The honorees are picked from various groups. Organizers choose one person who has lost the fight against cancer, one person who is currently fighting, and one who has completed treatment and is a current survivor.

The currently fighting honoree, or as she likes to say “survivor in training,” Minda Morton, is being honored this year, and Cherie Gaddis is the survivor being honored this year. This week, they share their stories and two more will be shared next week.

The Relay committee invites the community to join them on July 13 and 14, at the Jefferson County Fairgrounds to honor these people and also the many others who have lost the fight, are still fighting, or are currently living after treatment.

Fighting Back

Minda Morton

Minda MortonSince moving to Madras in 2004, my husband Taylor and I have lived on our ranch outside of town, where we raise cattle and hay.We also own several horses, some more useful than others, and quite a crew of rescued dogs and cats.

I have worked at the Jefferson County Public Health Department since 2011, as program coordinator for the Commission on Children and Families.

I am currently transitioning from that to work as the Jefferson County Early Learning coordinator and regional representative, Tobacco Prevention Education Program coordinator, and Healthy Communities Program coordinator.

I also teach a technical math class through COCC at Deer Ridge Correctional Institution, which is part of the welding program.

I was diagnosed with breast cancer on Oct. 29, 2012, after a long-overdue mammogram, followed by ultrasound and a biopsy.

The next six weeks were a surreal blur of CAT scans, PET scans, biopsies, doctor appointments and more doctor appointments.

Like so many newly diagnosed patients, I also spent way too much time on the Internet, researching breast cancer and pretty much scaring myself half to death. One of the best pieces of advice I received from the ACS volunteer I spoke with at Bend Memorial Clinic was, “Don’t do that.”

All that time, I was secretly waiting for someone to tell me this was all a big mistake and they had called the wrong person with that diagnosis. But that didn’t happen, and eventually, my family and I have come to terms with the diagnosis and our “new normal. I am fortunate that my treatment plan is allowing me to continue my life with few side effects, and while I know that surgery is out there in my future, for now, I am enjoying both my work and my free time, family and friends.

This year, my family and I will participate in our first Relay For Life.
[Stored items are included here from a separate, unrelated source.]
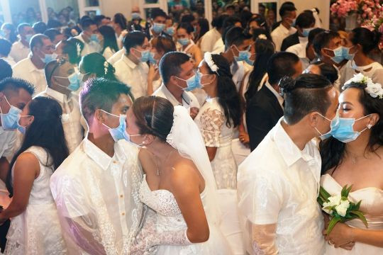 220 cặp đôi và người thân của họ bất chấp dịch viêm phổi do virus corona đang hoành hành đã tham dự lễ cưới tập thể diễn ra tại thành phố Bacolod, Philippines hôm 20/2.
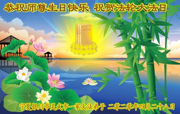 感恩师尊感恩大法, 捞起洗净救度我俩; 学法炼功多多救人, 随师正法随师回家。 二零二零年四月二十五日 宁夏银川市灵武市一家大法弟子恭祝师尊生日快乐!祝贺世界法轮大法日!
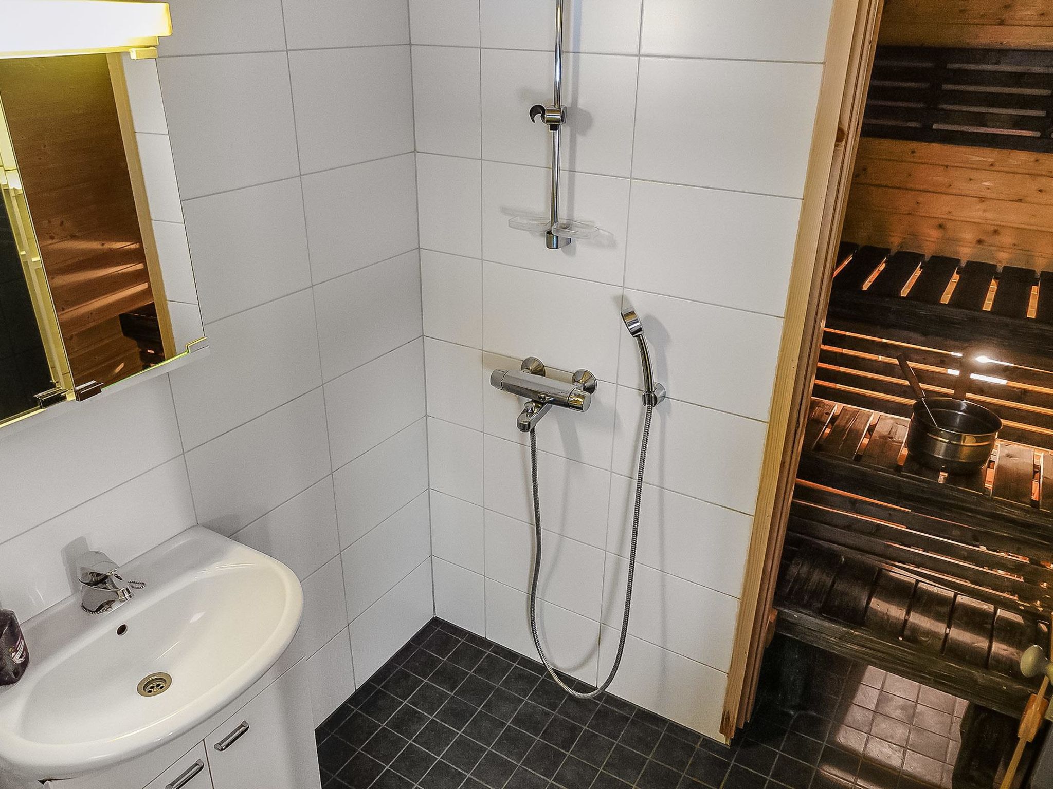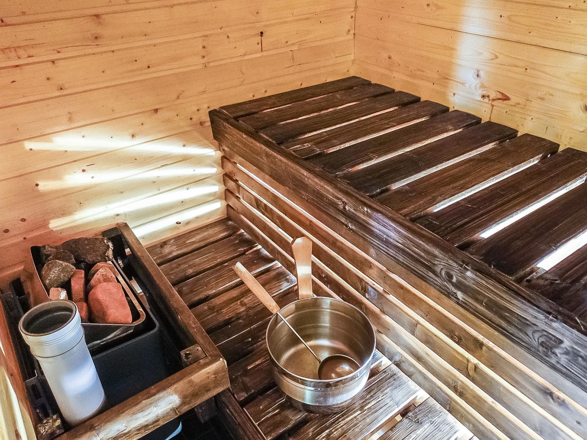 110 km nördlich von Rovaniemi, Block-Ferienwohnung aus Kiefernholz, Baujahr 2002, im Zentrum von Luosto. Wohnzimmer, Küche, Schlafzimmer mit 2 Betten, im Obergeschoss Schlafzimmer mit 2 Betten und Schlafboden mit 2 Betten, steile Treppe zum Obergeschoss, Sauna (Elektroherd), Waschraum, offene Veranda. Ski-Wartungsraum zur Mitbenutzung mit anderen Ferienhäusern. Gepflegte Wohnung in einem Reihenhaus. Sie können maximal 2 Haustiere mitbringen, zusätzliche Kosten betragen EURO 25/Haustier (bitte, zur Reservierung hinzufügen, falls erforderlich). In der Nähe aller Dienstleistungen des Luosto Zentrums, Programmdienste und Restaurants 300-500 m. Amethyst Spa 300 m, Amethyst Mine 5 km.

We are looking forward to a fun couple of days, and are happy to be able to raise some funds for the American Cancer Society.
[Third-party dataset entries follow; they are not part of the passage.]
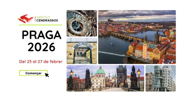 17:30h - Trasllat en autocar cap a l'aeroport21:30h - Vol Praga → Barcelona (VY8655) 00:00h - Arribada a l'areoport de Barcelona 00:30h - Trasllat en autocar cap a l'institut 02:30h - Arribada a l'Institut
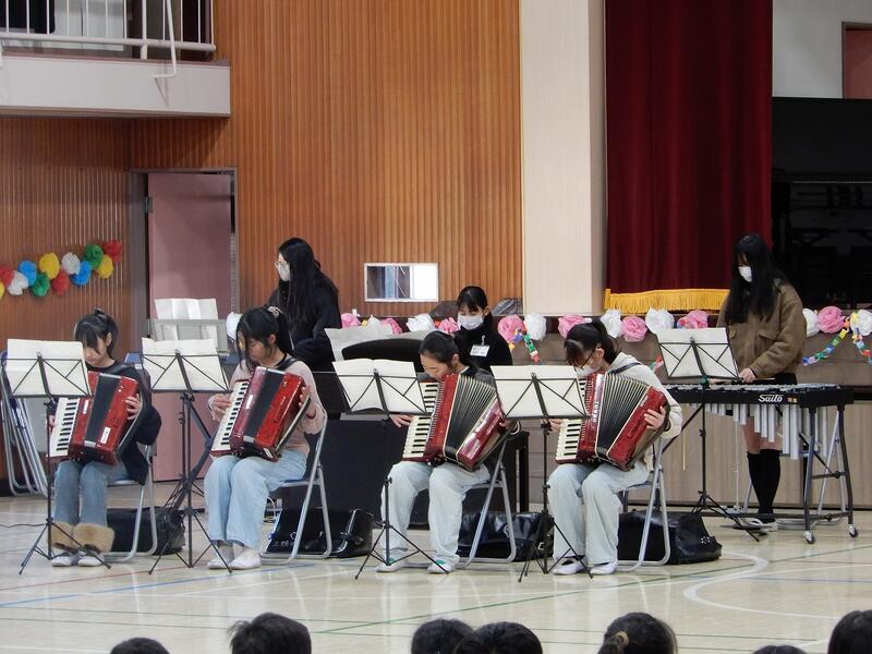 6年生からは,会を開いてもらったことへのお礼として,八木節の演奏を披露してもらいました。
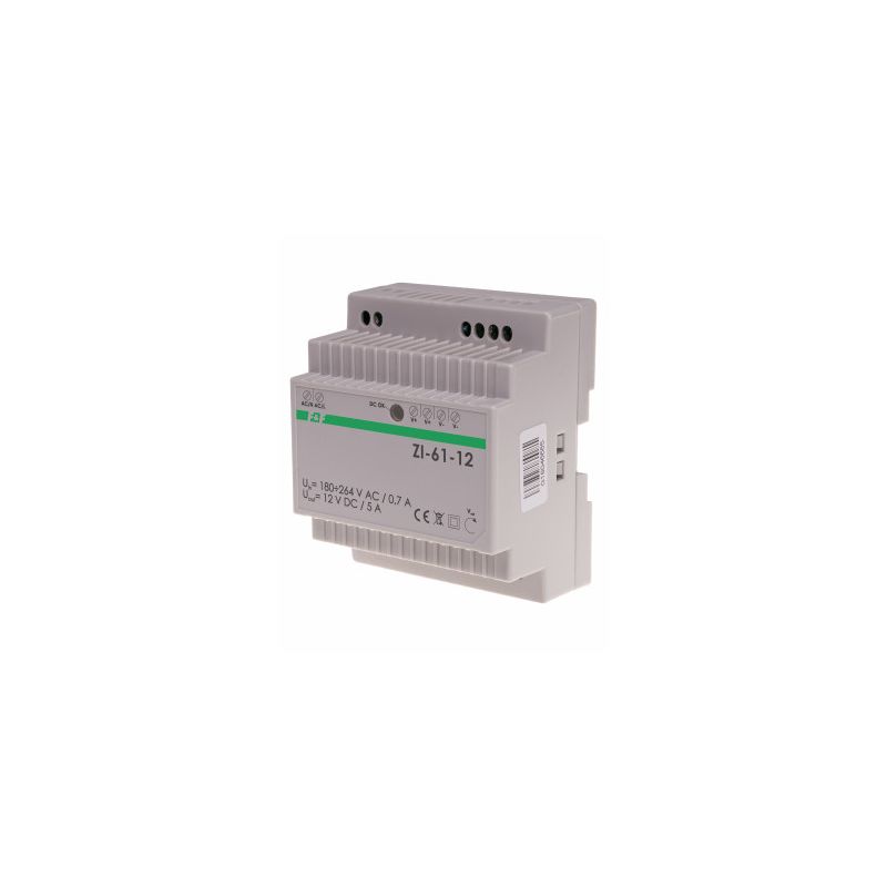 - short-circuit - in case of overload or short-circuit, the output voltage is automatically disconnected. The power supply cyclically attempts to turn on the power supply and when the cause of the protection operation ceases, the rated supply voltage is restored;

The ACS volunteers at Bend Memorial Clinic have been great mentors to us since the very beginning of this whole journey.


Cherie GaddisMy name is Cherie. To co-workers, friends, family, and my husband, I am Cherie Gaddis. To some I am known also as Cherie Sheffield, Madras High School.
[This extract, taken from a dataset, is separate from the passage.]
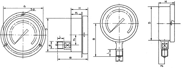 儀表由導壓系統(包括接頭、彈簧管、限流螺釘等)、齒輪傳動機構、示數裝置(指針與度盤)和外殼(包括表殼、表蓋、表玻璃等)所組成。外殼為氣密型結構,能有效地保護內部機件免受環境影響和污穢侵入。對于在外殼內充液(一般為硅油或甘油)的儀表,能夠抗工作環境振動較劇和減少介質壓力的脈動影響。

To some I am Ham Perkins’ oldest daughter. To some I am Bernideen Perkins’ (Thornton’s) oldest daughter. To those who I have worked with for the last 14 years, I am “The purple lady.”

For those of you who do not know my story, I am a cancer survivor.

Since Oct. 3, 2011 — not quite two years, is my little score – yet, it’s two years that I have been able to tell my story, to reach and share with each and every one I can.

Yes, you do survive. Yes, you go for your checkups. Yes, you believe.

You believe in yourself and are thankful for those who are beside you to guide you through each step of this journey. Thank you all who have been beside me!